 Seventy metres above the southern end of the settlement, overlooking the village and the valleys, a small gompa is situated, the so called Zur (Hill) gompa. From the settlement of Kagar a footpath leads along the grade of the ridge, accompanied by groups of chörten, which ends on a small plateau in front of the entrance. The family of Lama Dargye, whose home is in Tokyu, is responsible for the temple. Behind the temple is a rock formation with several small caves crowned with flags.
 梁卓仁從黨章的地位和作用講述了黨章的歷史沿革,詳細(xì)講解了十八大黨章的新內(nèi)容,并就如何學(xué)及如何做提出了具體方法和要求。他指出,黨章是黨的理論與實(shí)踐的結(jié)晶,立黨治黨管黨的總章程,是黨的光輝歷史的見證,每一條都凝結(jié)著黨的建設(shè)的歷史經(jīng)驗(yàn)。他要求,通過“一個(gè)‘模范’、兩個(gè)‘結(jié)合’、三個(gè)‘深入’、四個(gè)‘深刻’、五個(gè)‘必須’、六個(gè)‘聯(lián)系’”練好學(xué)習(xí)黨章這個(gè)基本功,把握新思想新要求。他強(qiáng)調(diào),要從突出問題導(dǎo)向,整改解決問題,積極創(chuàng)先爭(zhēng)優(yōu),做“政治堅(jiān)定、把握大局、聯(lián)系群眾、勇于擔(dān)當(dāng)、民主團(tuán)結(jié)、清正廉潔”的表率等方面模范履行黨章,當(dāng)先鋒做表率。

---

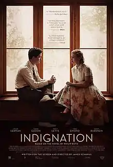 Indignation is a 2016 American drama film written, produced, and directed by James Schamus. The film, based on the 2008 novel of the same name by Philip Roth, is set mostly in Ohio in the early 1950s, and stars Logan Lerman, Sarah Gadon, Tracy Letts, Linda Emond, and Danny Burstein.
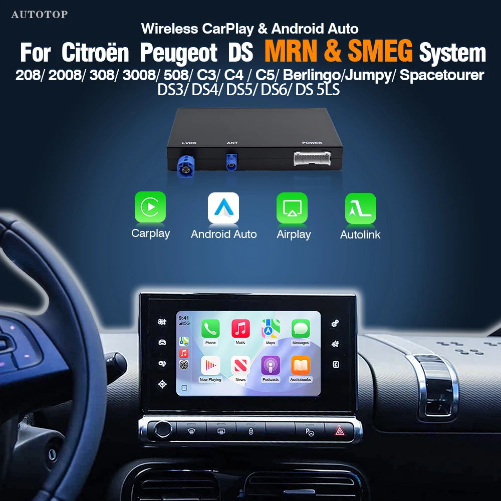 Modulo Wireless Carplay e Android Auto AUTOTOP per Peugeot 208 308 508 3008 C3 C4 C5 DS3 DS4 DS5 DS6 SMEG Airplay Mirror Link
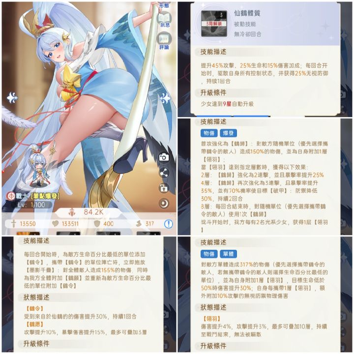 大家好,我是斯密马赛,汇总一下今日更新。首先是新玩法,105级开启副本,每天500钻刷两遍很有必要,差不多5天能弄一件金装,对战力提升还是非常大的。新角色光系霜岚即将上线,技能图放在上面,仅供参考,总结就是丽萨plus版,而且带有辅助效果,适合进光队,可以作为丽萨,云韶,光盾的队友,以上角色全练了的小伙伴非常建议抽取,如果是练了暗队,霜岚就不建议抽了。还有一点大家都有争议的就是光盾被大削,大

*The problem*. Both the line above containing "Modulo Wireless Carplay" and the line containing "大家好,我是斯密马赛,汇总一" belong in the copy, along with every line between them; print these exactly and omit the pictures.

*Finished exercise*.
 Modulo Wireless Carplay e Android Auto AUTOTOP per Peugeot 208 308 508 3008 C3 C4 C5 DS3 DS4 DS5 DS6 SMEG Airplay Mirror Link
 大家好,我是斯密马赛,汇总一下今日更新。首先是新玩法,105级开启副本,每天500钻刷两遍很有必要,差不多5天能弄一件金装,对战力提升还是非常大的。新角色光系霜岚即将上线,技能图放在上面,仅供参考,总结就是丽萨plus版,而且带有辅助效果,适合进光队,可以作为丽萨,云韶,光盾的队友,以上角色全练了的小伙伴非常建议抽取,如果是练了暗队,霜岚就不建议抽了。还有一点大家都有争议的就是光盾被大削,大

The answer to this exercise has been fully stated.